**THE INPUT:**
┄┄┄┄┄┄┄┄┄┄

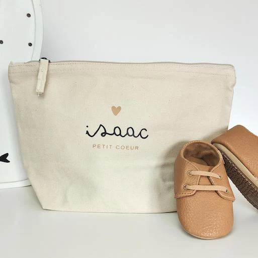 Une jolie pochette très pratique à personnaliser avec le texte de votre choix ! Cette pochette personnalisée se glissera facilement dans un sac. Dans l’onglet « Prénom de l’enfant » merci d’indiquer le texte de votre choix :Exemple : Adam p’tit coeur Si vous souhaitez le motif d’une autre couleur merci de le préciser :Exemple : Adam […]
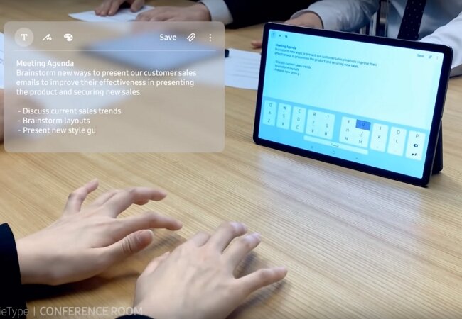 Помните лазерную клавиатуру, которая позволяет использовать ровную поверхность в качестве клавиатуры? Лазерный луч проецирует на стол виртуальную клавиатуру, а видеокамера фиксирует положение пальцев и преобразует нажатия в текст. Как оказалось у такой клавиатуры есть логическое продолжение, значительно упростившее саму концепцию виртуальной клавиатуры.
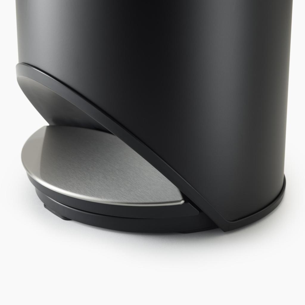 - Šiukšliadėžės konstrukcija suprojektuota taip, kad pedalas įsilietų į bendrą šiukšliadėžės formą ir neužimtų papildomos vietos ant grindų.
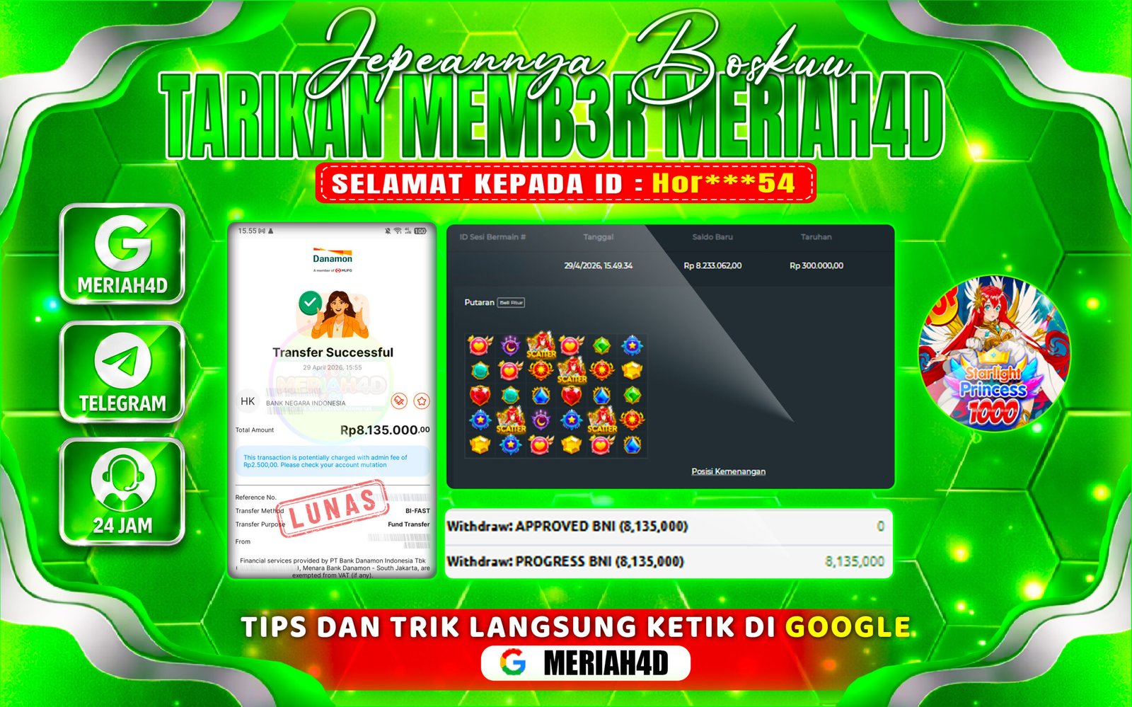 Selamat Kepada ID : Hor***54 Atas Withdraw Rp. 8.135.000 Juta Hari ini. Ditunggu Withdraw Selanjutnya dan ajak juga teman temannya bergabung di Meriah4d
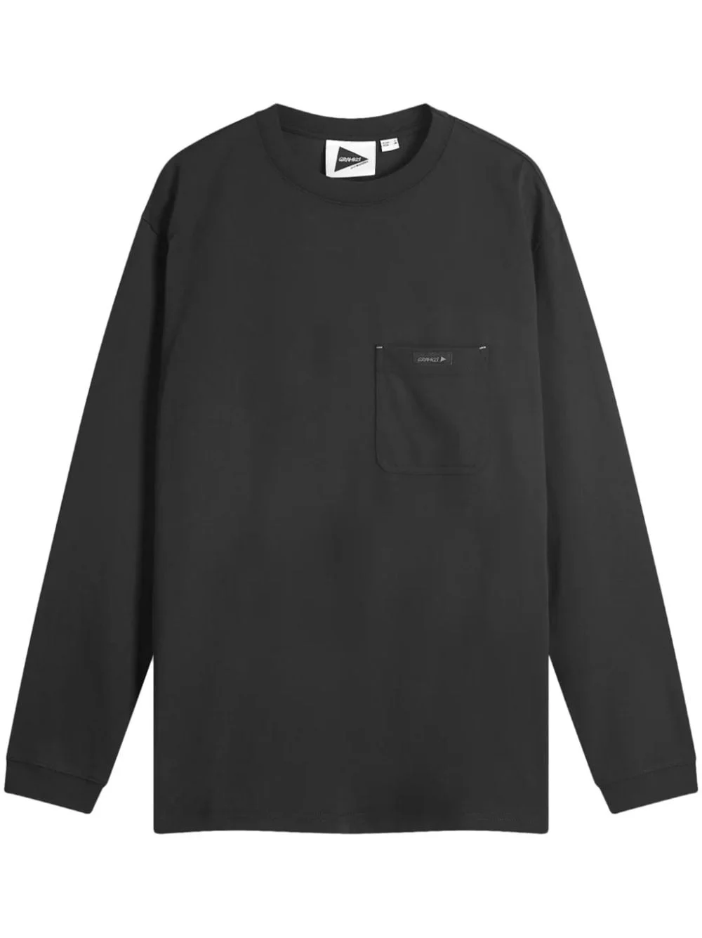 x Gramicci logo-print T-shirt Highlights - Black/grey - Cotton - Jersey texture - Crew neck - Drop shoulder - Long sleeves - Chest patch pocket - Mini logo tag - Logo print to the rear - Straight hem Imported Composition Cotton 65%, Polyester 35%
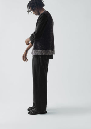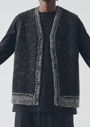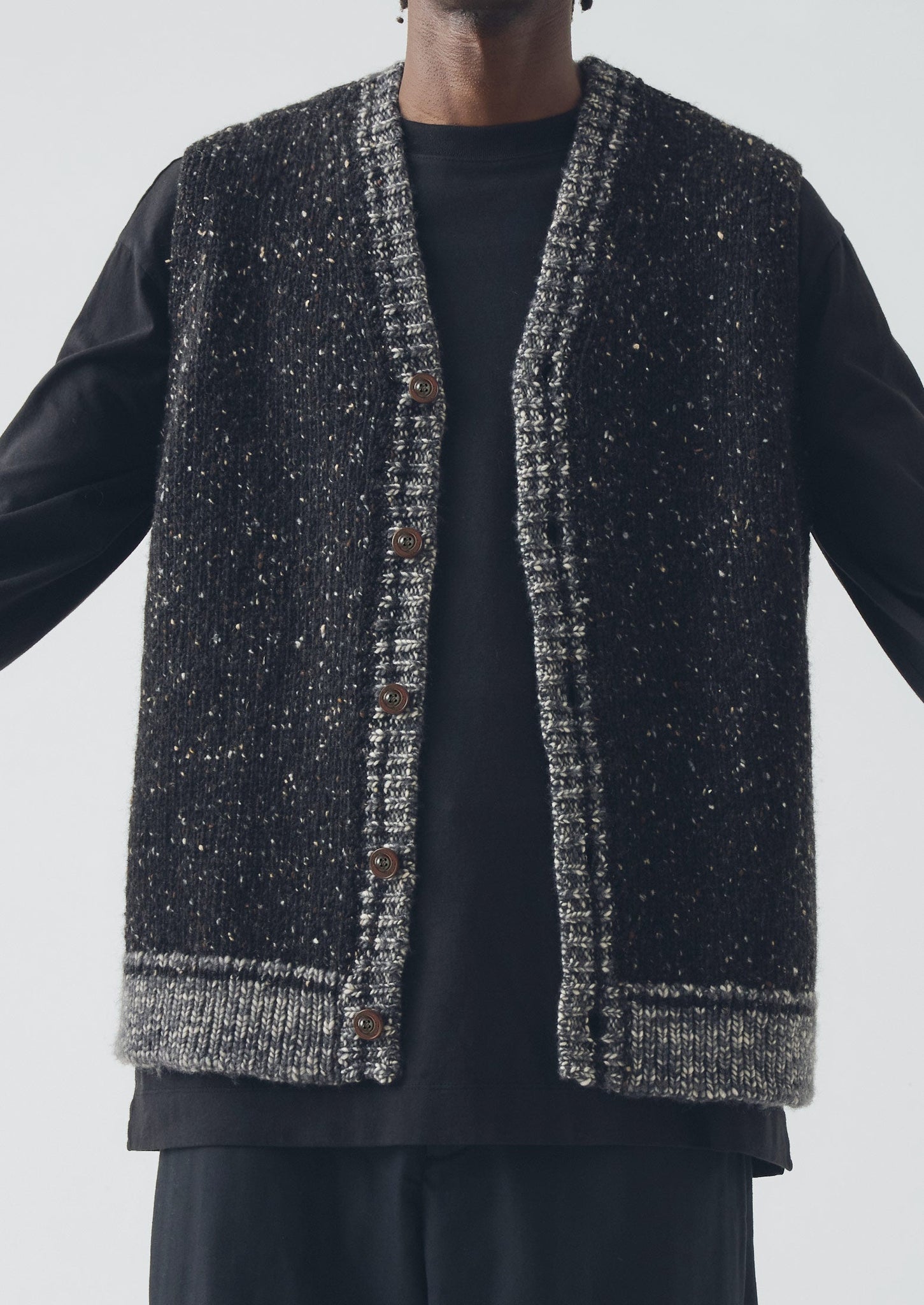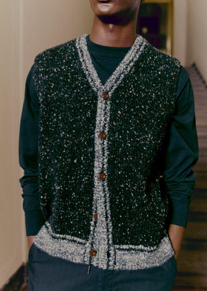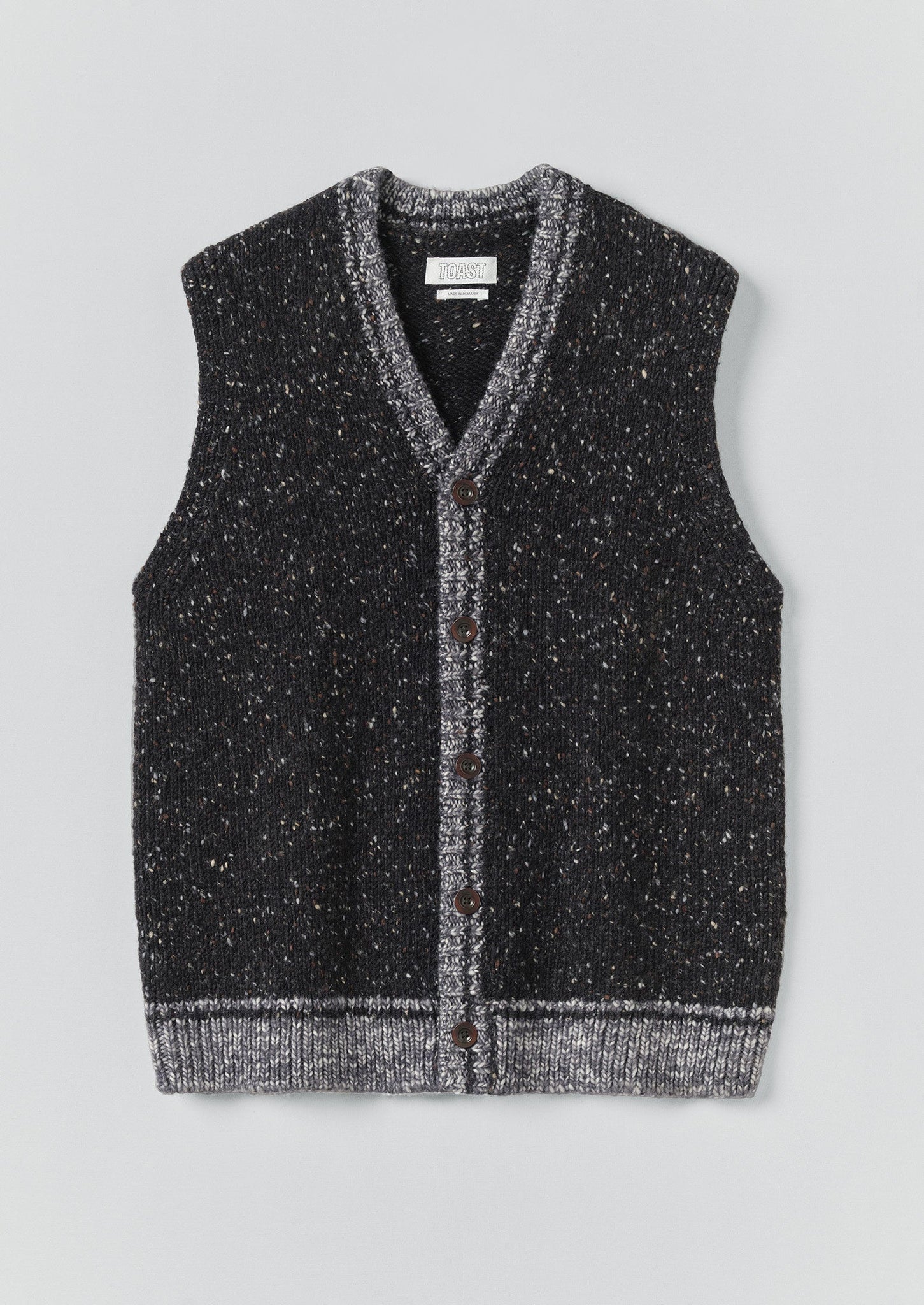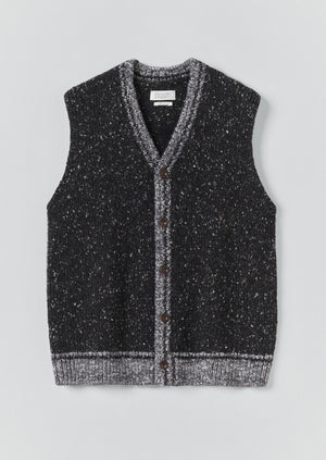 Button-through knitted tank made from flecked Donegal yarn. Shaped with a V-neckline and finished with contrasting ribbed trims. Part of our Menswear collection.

┄┄┄┄┄┄┄┄┄┄

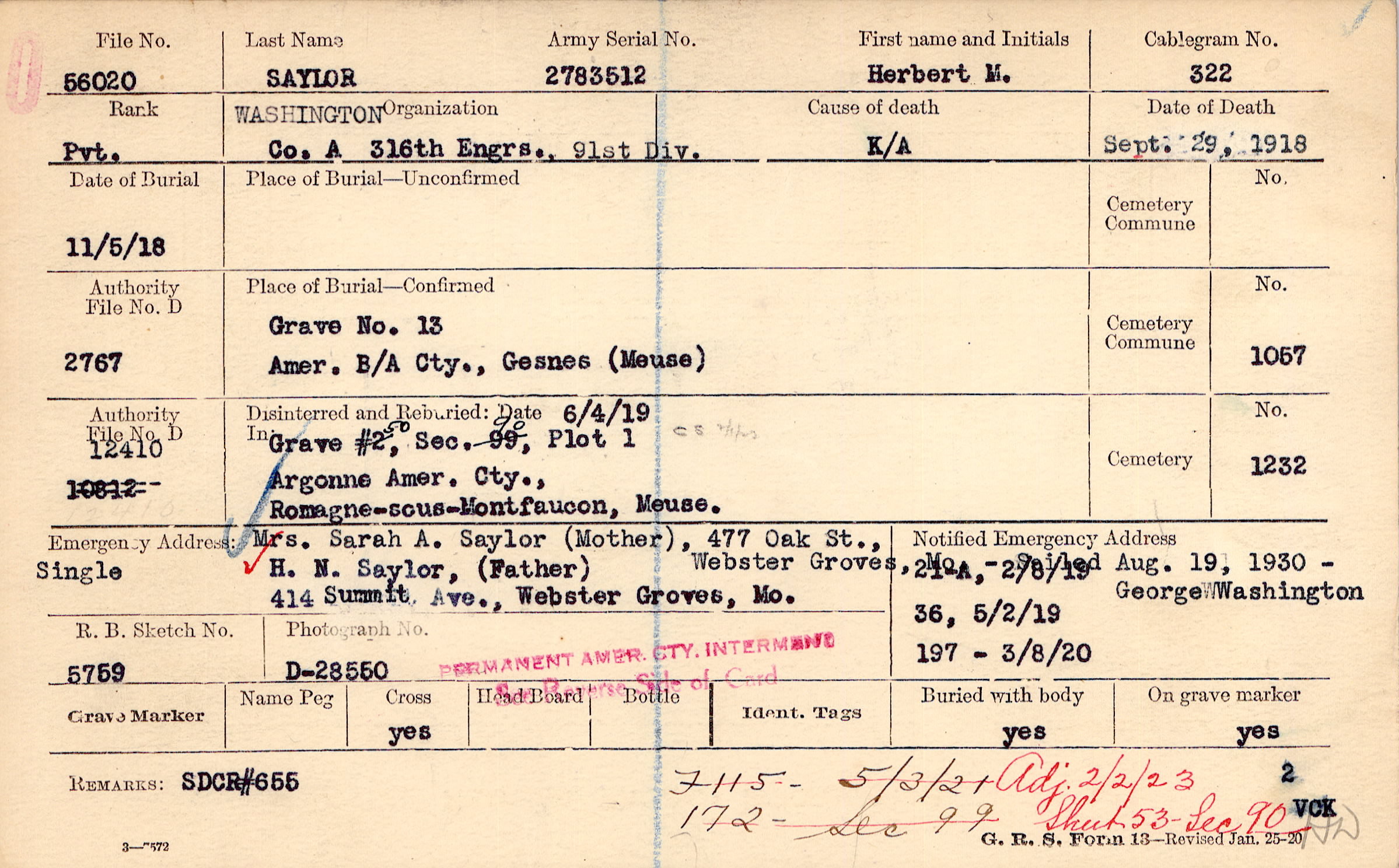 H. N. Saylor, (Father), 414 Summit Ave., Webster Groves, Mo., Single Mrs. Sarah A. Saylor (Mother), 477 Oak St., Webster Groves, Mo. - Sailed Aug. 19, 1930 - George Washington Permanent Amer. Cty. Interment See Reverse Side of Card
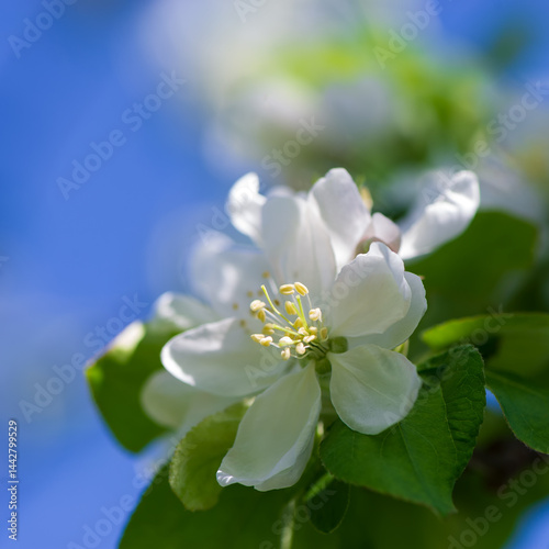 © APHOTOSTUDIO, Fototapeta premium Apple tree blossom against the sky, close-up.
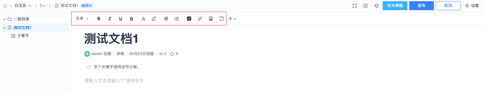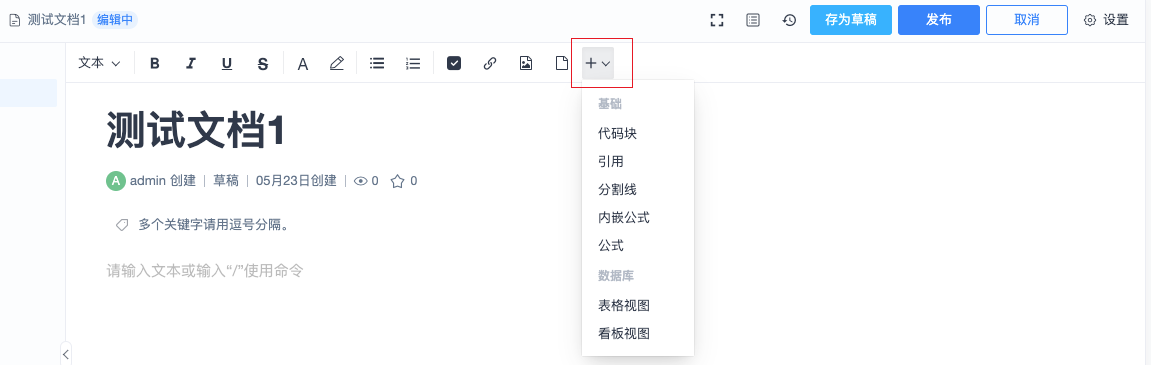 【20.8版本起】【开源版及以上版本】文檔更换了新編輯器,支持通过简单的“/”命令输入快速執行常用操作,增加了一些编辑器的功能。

┄┄┄┄┄┄┄┄┄┄

**WHAT IS NEEDED:**
What you write out is the stretch of entries from the line containing "Selamat Kepada ID" to the line containing "Button-through knitted tank", word for word, with both end lines and no pictures.

**YOUR SOLUTION:**
 Selamat Kepada ID : Hor***54 Atas Withdraw Rp. 8.135.000 Juta Hari ini. Ditunggu Withdraw Selanjutnya dan ajak juga teman temannya bergabung di Meriah4d
 x Gramicci logo-print T-shirt Highlights - Black/grey - Cotton - Jersey texture - Crew neck - Drop shoulder - Long sleeves - Chest patch pocket - Mini logo tag - Logo print to the rear - Straight hem Imported Composition Cotton 65%, Polyester 35%
 Button-through knitted tank made from flecked Donegal yarn. Shaped with a V-neckline and finished with contrasting ribbed trims. Part of our Menswear collection.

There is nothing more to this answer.